• [PROBLEM]
Drop all images. Then write out each line below exactly as given.

STORED DATA Start Marker

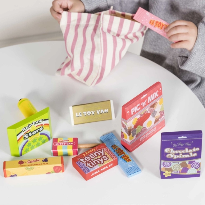 Merüljön el a fantázia világában a Le Toy Van egyedi édesség szettjével. A szett gondosan tervezett fa édességeket tartalmaz, amelyek ösztönzik a kreatív játékot és a készségfejlesztést gyermekeik számára.
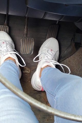 Jane Cranks, Stalls & Revs in the Volvo White New Balance Sneakers
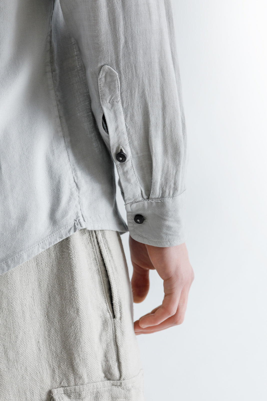 - Long sleeves with buttoned barrel cuffs.

STORED DATA End Marker

• [EXERCISE RESPONSE]
 Merüljön el a fantázia világában a Le Toy Van egyedi édesség szettjével. A szett gondosan tervezett fa édességeket tartalmaz, amelyek ösztönzik a kreatív játékot és a készségfejlesztést gyermekeik számára.
 Jane Cranks, Stalls & Revs in the Volvo White New Balance Sneakers
 - Long sleeves with buttoned barrel cuffs.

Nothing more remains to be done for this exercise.